RECORDS FOR THE EXERCISE START

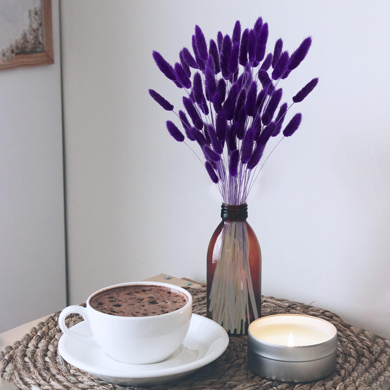 100 Pcs Bunny Tails Dried Flowers, Natural Dried Bunny Tails Grass Dried Lagurus Ovatus Rabbit Tail Grass for Flowers Arrangements DIY Craft Wedding Party Home Table Decor (Blue)
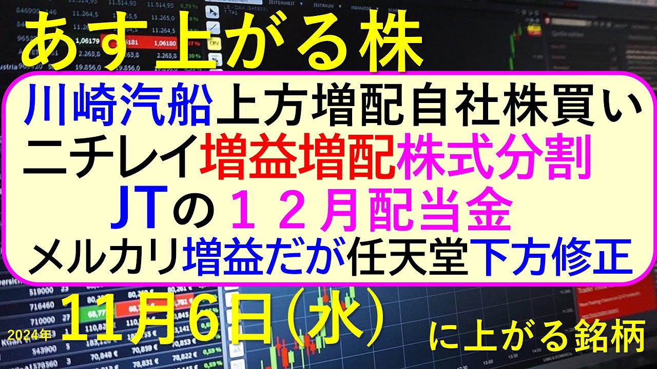 今日の引け後に出た材料で、明日11/6(水)に期待できる銘柄。川崎汽船が上方修正・増配・自社株買い、メルカリは増益だが未達。任天堂は下方修正。ニチレイが増益・増配・株式分割。JTの12月配当金。~あす上がる株。最新の日本株情報。高配当株の株価やデイトレ情報についてもお話しいたします。
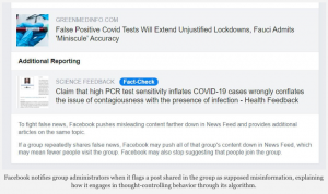 El artículo que observé que Facebook marcaba como “falso” se titula “Las pruebas falsas positivas de Covid extenderán los confinamientos injustificados, Fauci admite la ‘precisión minúscula’ “, escrito por el reportero de The Highwire, Jefferey Jaxen. (El vínculo en este caso era para el artículo en GreenMedInfo, donde se volvió a publicar desde el sitio web de The Highwire.)
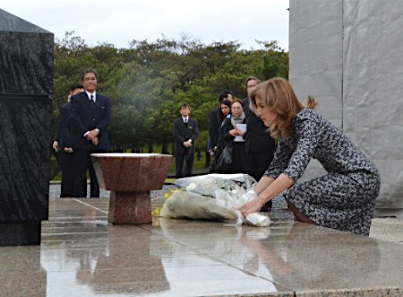 这是卡罗琳上任后第一次访问冲绳。为纪念太平洋战争、在日本国内唯一的登陆战中牺牲的战死者,卡罗琳参观了糸满市的和平祈念公园。
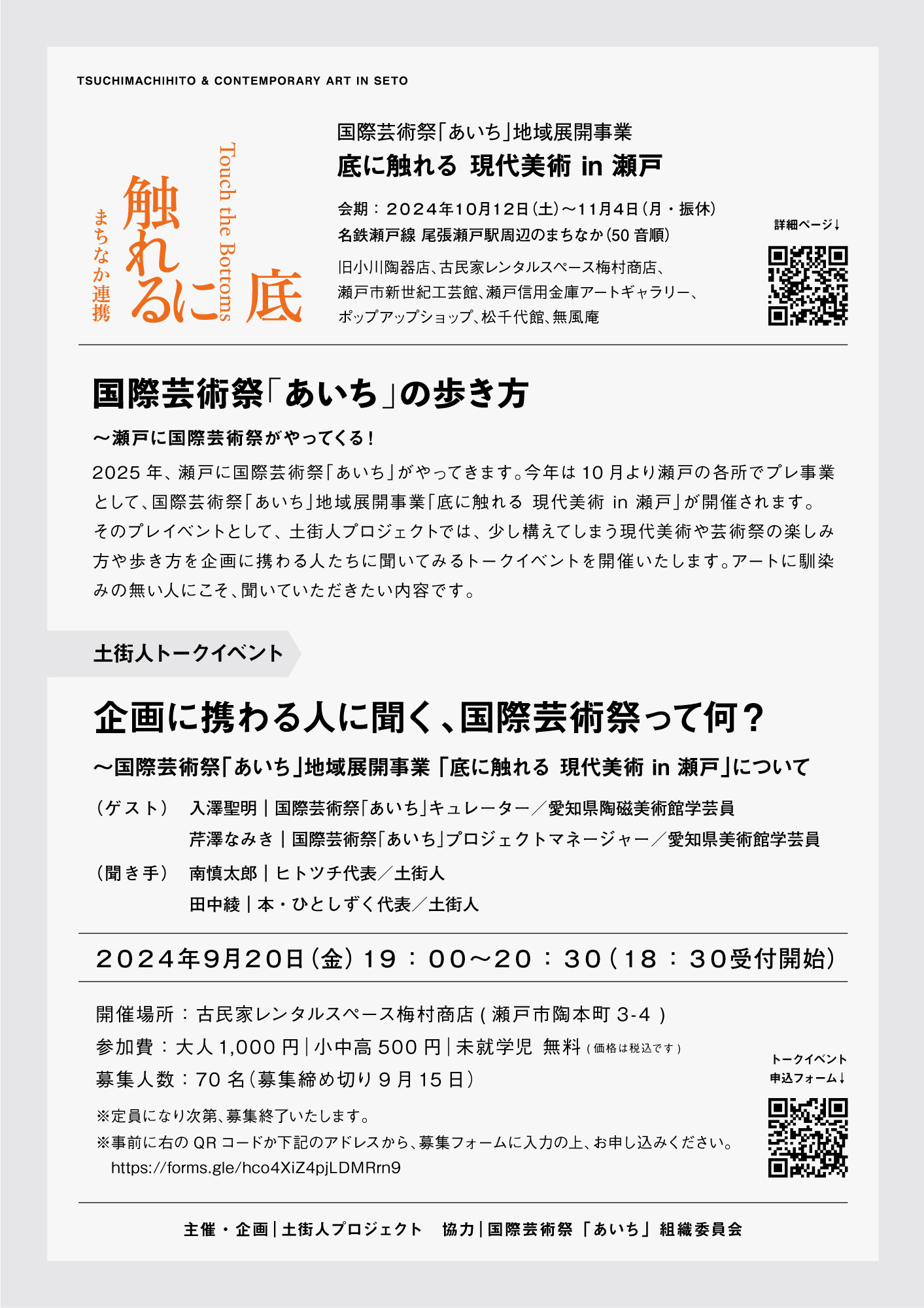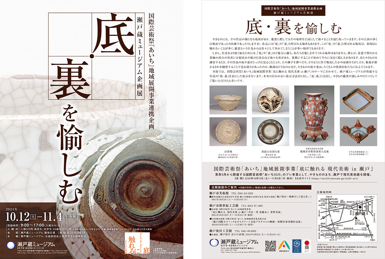 国際芸術祭「あいち」地域展開事業「底に触れる 現代美術 in 瀬戸」と同時期に、事業のテーマや企画等と連携した内容で開催される、瀬戸市等が主催の企画展です。
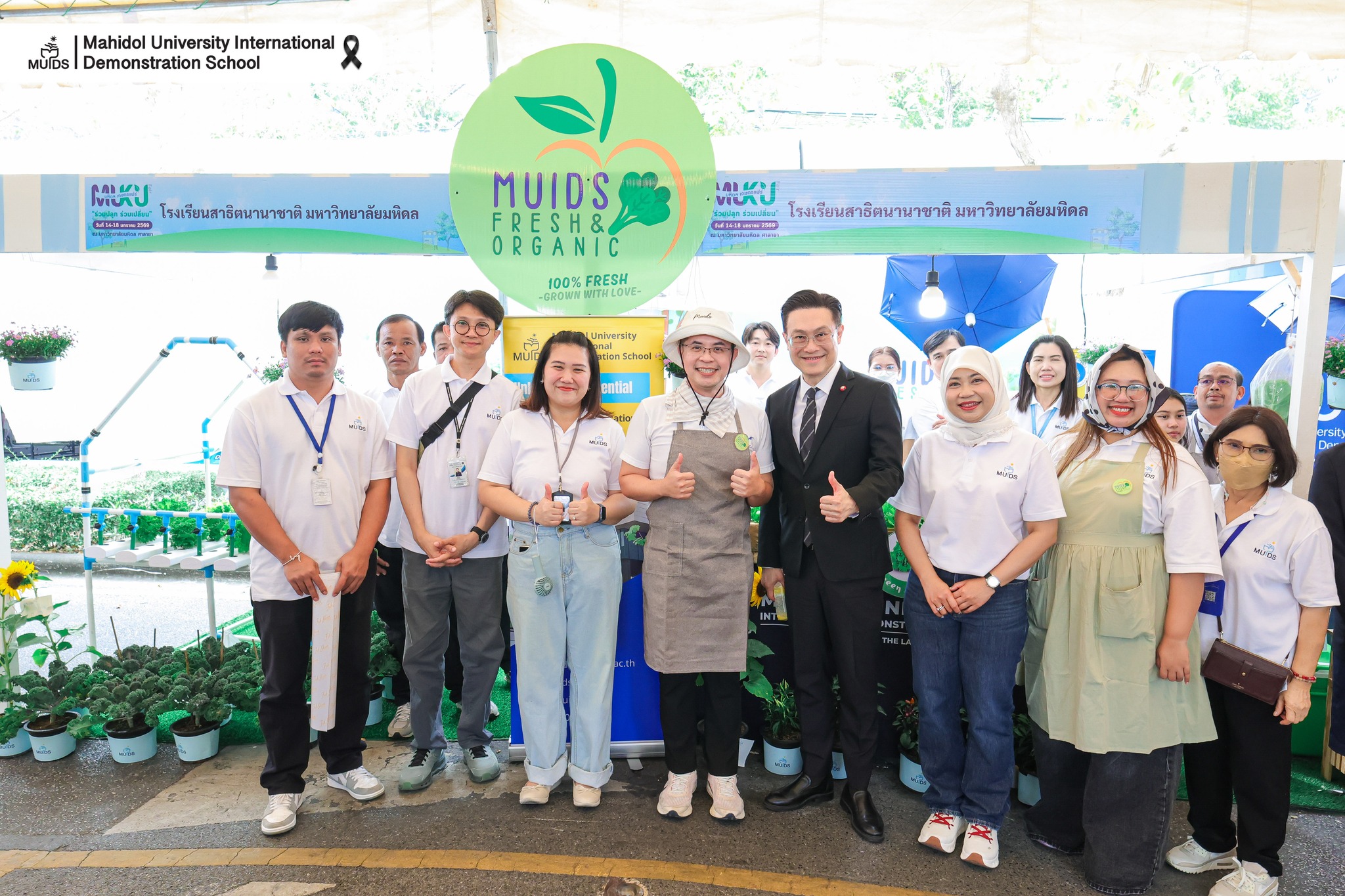 During the fair, MUIDS set up a school booth showcasing hydroponic vegetables grown by the school. Visitors can also shop for fresh vegetables, school souvenirs, and student-made products at the Product Innovation from MU & KU Zone, from 14–18 January 2026, at Mahidol University, Salaya Campus.
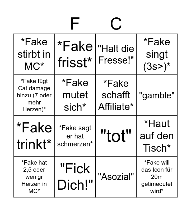 This bingo card has 16 words: "Fick Dich!", *Haut auf den Tisch*, "Halt die Fresse!", *Fake stirbt in MC*, *Fake trinkt*, *Fake frisst*, "tot", "Asozial", *Fake fügt Cat damage hinzu (7 oder mehr Herzen)*, *Fake mutet sich*, *Fake hat 2,5 oder wenigr Herzen in MC*, *Fake singt (3s>)*, *Fake sagt er hat schmerzen*, "gamble", *Fake schafft Affiliate* and *Fake will das Icon für 20m getimeoutet wird*.
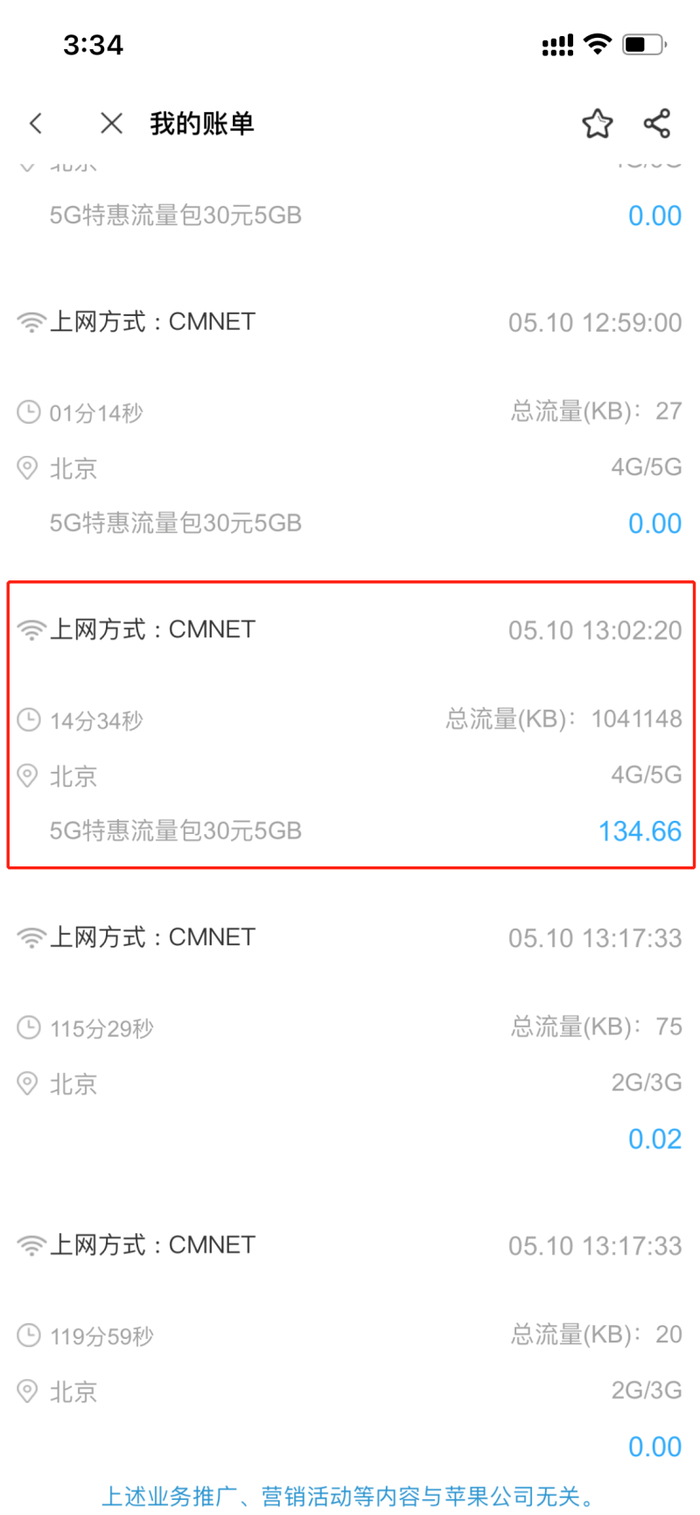 此后,李女士在北京移动APP上找到了当月的扣费明细。账单显示,套餐外上网费共为172.76元。具体大面额扣费的时间段为13:02后的14分34秒,共消耗流量1041148kb,产生费用为134.66元。
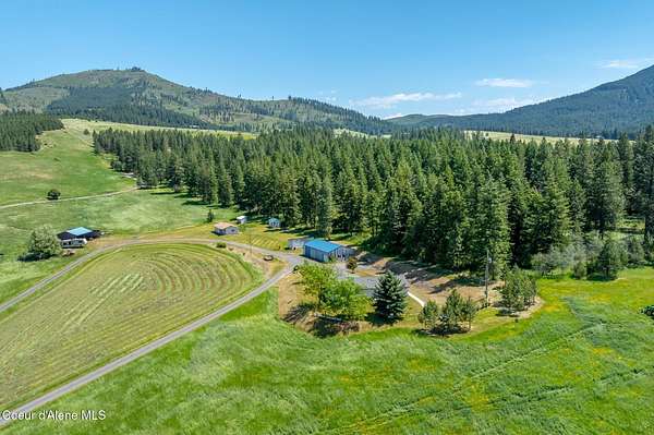 20 ACRES + TWO separate homes nestled in a beautiful private setting just 35 minutes from Moscow and the University of Idaho, and 1.5 hours to the Spokane International airport. The multiple outbuildings and regularly cared for hay fields make this property ideal for horses and other livestock. The main home features, recently updated interior, new roof and skylights, 1 year old heat pump for energy efficient heating and cooling and grand windows facing west to capture the stunning sunsets. You will never have to worry about water with the two active wells and a recently installed 3,000 gallon water holding tank. Each out building has power and is ready for you to decide how to best use the space.
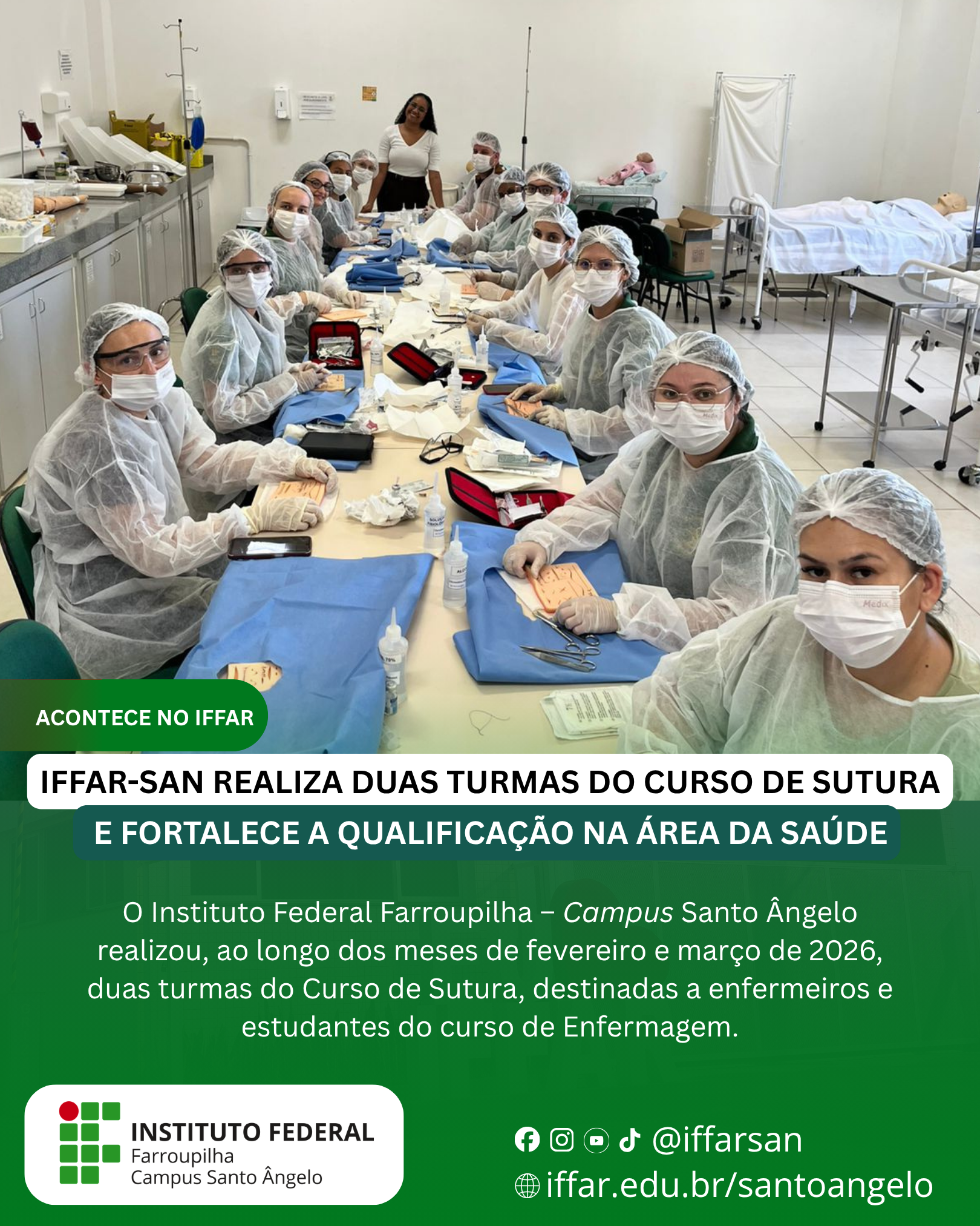 O Instituto Federal Farroupilha – Campus Santo Ângelo (IFFar-SAn) realizou, ao longo dos meses de fevereiro e março de 2026, duas turmas do Curso de Sutura, destinadas a enfermeiros e estudantes do curso de Enfermagem.
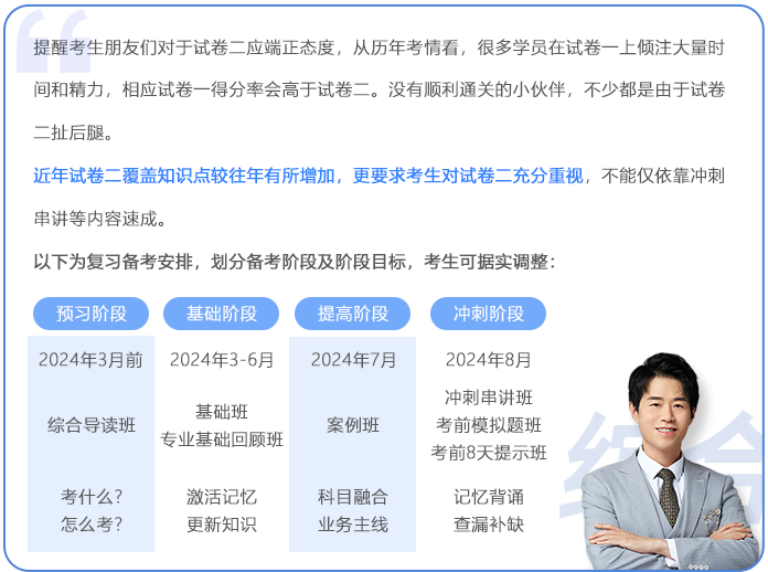 在2024年官方考試大綱和教材公布前,有條件的考生也可以利用2023年綜合階段基礎(chǔ)班課程學(xué)習(xí)。
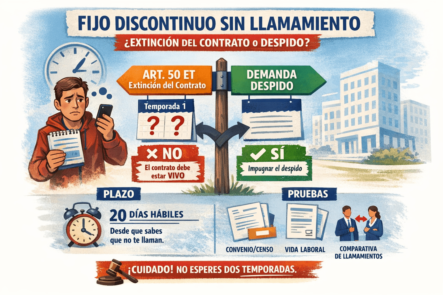 3) ¿Y si no me llaman en una o dos temporadas? El error típico: presentar “extinción” cuando ya hay despido
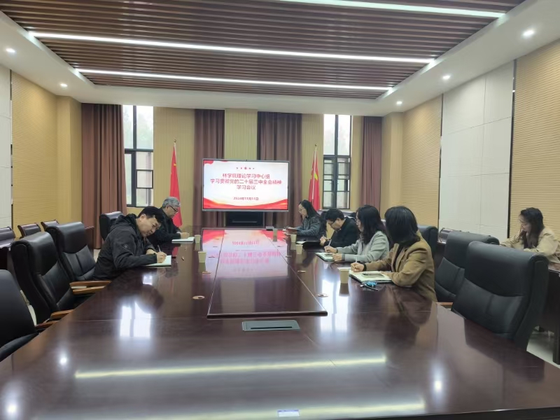 11月11日,院党委理论学习中心组在力行楼南244会议室开展党的二十届三中全会精神集中学习。会议由院党委书记化青报主持,院党委理论学习中心组成员参加会议。
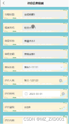 评价信息,在此页面可对租房进行评级反馈。如下图所示。
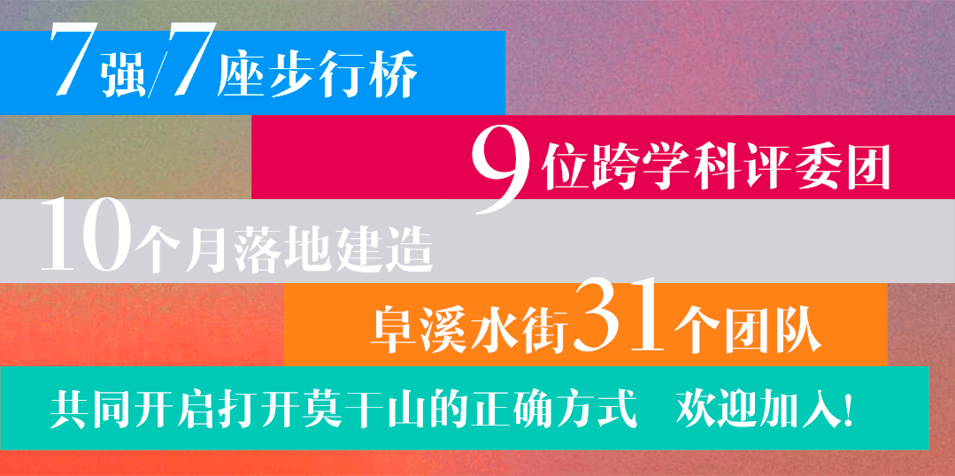 7强作品将成为莫干山镇阜溪七座桥梁落地的使用方案之参考,主办方德清文旅计划于2023年度建造完工
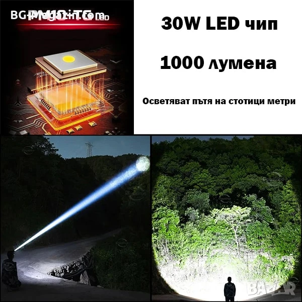 – Мощна и далекобойна светлина: CREE XML T6 LED чип и 30W мощност осигуряват невероятна яркост и обхват над 500 метра.
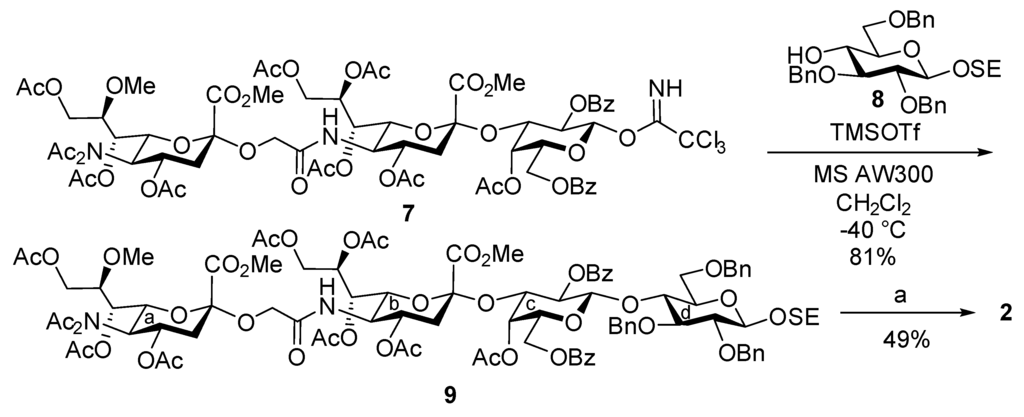 - Shimizu, H.; Iwayama, Y.; Imamura, A.; Ando, H.; Ishida, H.; Kiso, M. Synthesis of the disialic acid-embedded glycan part of ganglioside HPG-1. Biosci. Biotechnol. Biochem. 2011, 75, 2079–2082. [Google Scholar] [CrossRef] [PubMed][Green Version]

RECORDS FOR THE EXERCISE END

> **WHAT YOU NEED TO DO**
Print, exactly as written, the lines from the one containing "11月11日,院党委理论学习" to the end of the material, both ends included, and nothing else; no pictures.

> **TASK SOLUTION**
 11月11日,院党委理论学习中心组在力行楼南244会议室开展党的二十届三中全会精神集中学习。会议由院党委书记化青报主持,院党委理论学习中心组成员参加会议。
 评价信息,在此页面可对租房进行评级反馈。如下图所示。
 7强作品将成为莫干山镇阜溪七座桥梁落地的使用方案之参考,主办方德清文旅计划于2023年度建造完工
 – Мощна и далекобойна светлина: CREE XML T6 LED чип и 30W мощност осигуряват невероятна яркост и обхват над 500 метра.
 - Shimizu, H.; Iwayama, Y.; Imamura, A.; Ando, H.; Ishida, H.; Kiso, M. Synthesis of the disialic acid-embedded glycan part of ganglioside HPG-1. Biosci. Biotechnol. Biochem. 2011, 75, 2079–2082. [Google Scholar] [CrossRef] [PubMed][Green Version]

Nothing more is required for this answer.